Lessons from Stripe - rspivak
https://markmcgranaghan.com/lessons-from-stripe
======
kbyatnal
The point about optimism is very interesting and I completely agree re:
ambition - hard problems are more feasible than easy ones. However, I don't
agree with the point about ad clicks.

> "Ambitious problems for Stripe look like enabling more internet businesses
> and supporting entrepreneurs in more countries, not getting more ad clicks."

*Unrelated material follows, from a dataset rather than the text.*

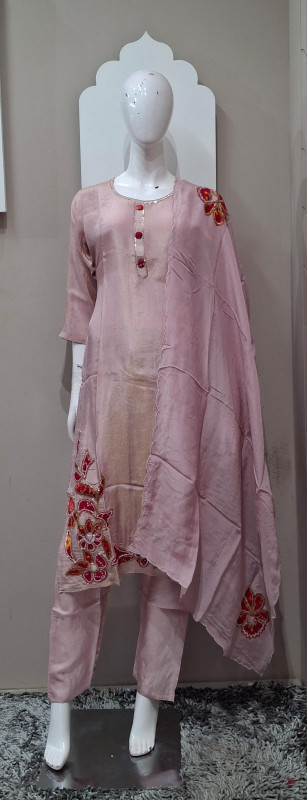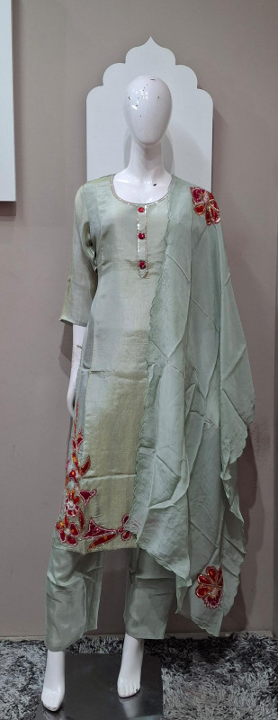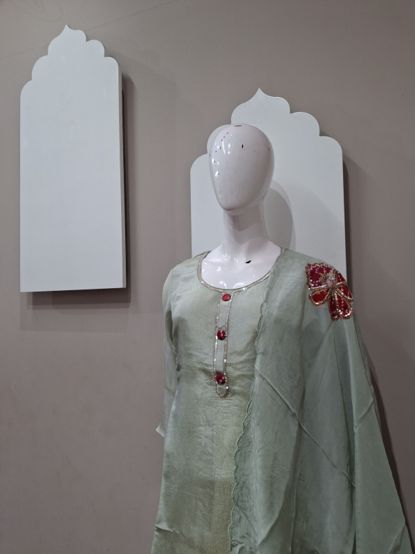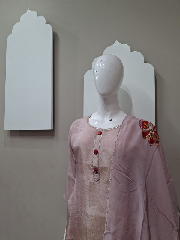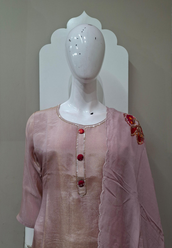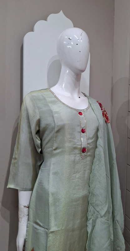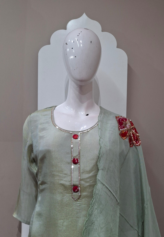 ELEGANT TISSUE FABRIC KURTA FEATURING HANDWORK AND  BHANDHNI PATCHWORK .PAIRED WITH MATCHING PANT AND DUPPATA .PERFACT FOR FESTIVE AND SEMIPARTIES.

I used to have a similar mindset until I actually ended up working on Ads at
Google. There are hundreds of thousands (if not millions) of small business
merchants, mom and pop stores, etc that rely on ads (be that Google, Facebook,
Instagram, whatever) to run their businesses. In fact, these are the vast
majority of ad buyers! The huge multi-billion dollar corporations are far and
few between.

That's what drove many of the engineers (including myself). A small increase
in conversion ratio (be that through better ranking, filtering, query
interpretation, etc) meant a huge deal to these merchants and in some cases,
could be the difference between life and death for some of these small
companies. And at the scale Google operates at, very small incremental changes
= huge impact. The engineers and projects, at least in my team, were driven by
exactly the same goals mentioned here - to "enable more businesses" and
"support entrepreneurs" all across the world.

It's easy to get sucked into the hype and blanket statements of "ads are bad"
(I was guilty of that too). I've since left Google, but that experience really
internalized for me that things like this are never so black and white.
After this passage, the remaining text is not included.